Pioneer Women
- Louise Amelia Knapp Smith Clappe (1819–1906)
- Sierra Nevada Mountains
- UNITED STATES
- 21
Louise Amelia Knapp Smith Clappe (1819–1906), writing under the pseudonym Dame Shirley, provides a woman’s view on life in Gold Rush camps.
Louise Amelia Knapp Smith Clappe lived with her husband for over a year in mining camps along the Feather River in California’s Sierra Nevada mountains. During that time, from September 1851 to November 1852, she wrote 23 letters about her experiences to her sister Molly in Massachusetts. Her letters, which she wrote under the pen name Dame Shirley, were later published in the San Francisco-based magazine Pioneer.
Dame Shirley’s letters provide a rich first-person account of how women experienced the diverse yet male-dominated Gold Rush era. Dame Shirley writes about the language she hears around her, describes various styles of dress, and tells the reader about conditions in log cabins.

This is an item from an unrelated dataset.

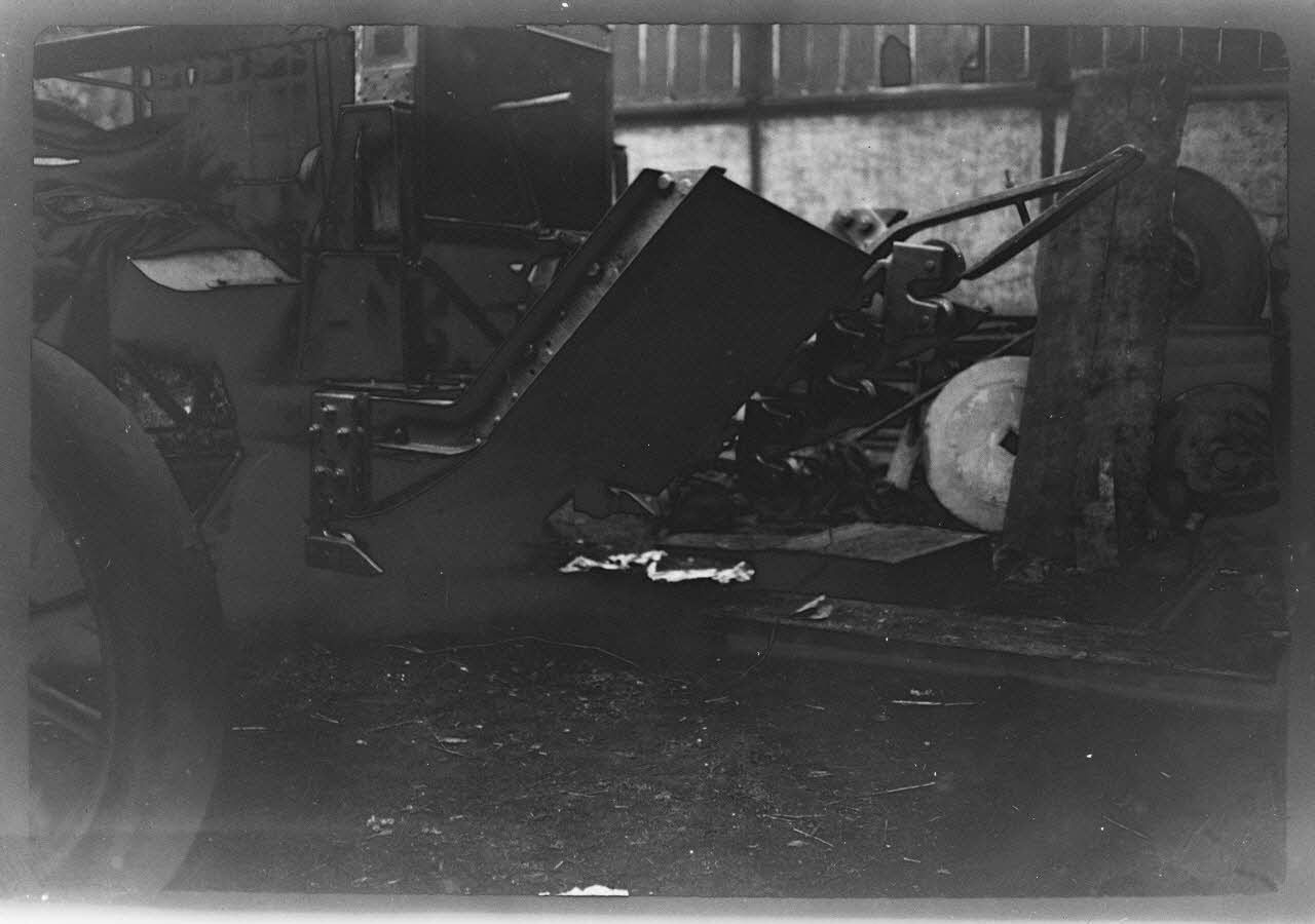 Reportage de négatifs ayant servi au tirage de plusieurs autres plaques de verre et tirage sur papier qui traite des essais du prototype de char Saint-Chamond à Vincennes ainsi que des essais en usine du tracteur modifié appelé "appareil Breton-Pretot". Tous deux témoignent de l'investissement de Jules-Louis Breton dans le développement d'une solution de franchissement des barbelés qui a mené à l'élaboration des chars Schneider et Saint-Chamond.

In the two excerpts below, she highlights the manual tasks performed by women. In writing about one woman, whom she calls the “Indiana girl,” Clappe states:
“This gentle creature wears the thickest kind of miners’ boots, and has the dainty habit of wiping her dishes on her apron! Last spring she walked to this place, and packed fifty pounds of flour on her back down that awful hill – the snow being five feet deep at the time.” (The Shirley Letters, p. 21)
She then goes on to describe another female neighbor, Mrs. B_:
“Mrs. B_, who is as small as ‘Indiana girl’ is big (indeed, I have been confidently informed that she weighs but sixty-eight pounds), keeps with her husband the ‘Miner’s Home’ — Mem — the lady tends bar. Voilá, my dear, the female population of my new home — splendid materials for social parties this winter — are they not?” (The Shirley Letters, p. 21).

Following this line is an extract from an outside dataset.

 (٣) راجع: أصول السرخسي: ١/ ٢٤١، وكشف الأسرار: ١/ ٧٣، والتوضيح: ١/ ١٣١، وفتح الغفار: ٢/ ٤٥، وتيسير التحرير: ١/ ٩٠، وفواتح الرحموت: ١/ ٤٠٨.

The diversity of the Gold Rush days is reflected in the various languages she overhears, as in the following excerpt:
“You will hear in the same day, almost at the same time, the lofty melody of the Spanish language, the piquant polish of the French…, the silver, changing clearness of the Italian, the harsh gangle of the German, the hissing precision of the English, the liquid sweetness of the Kanaka, and the sleep-inspiring languor of the East-Indian.” (The Shirley Letters, p. 99)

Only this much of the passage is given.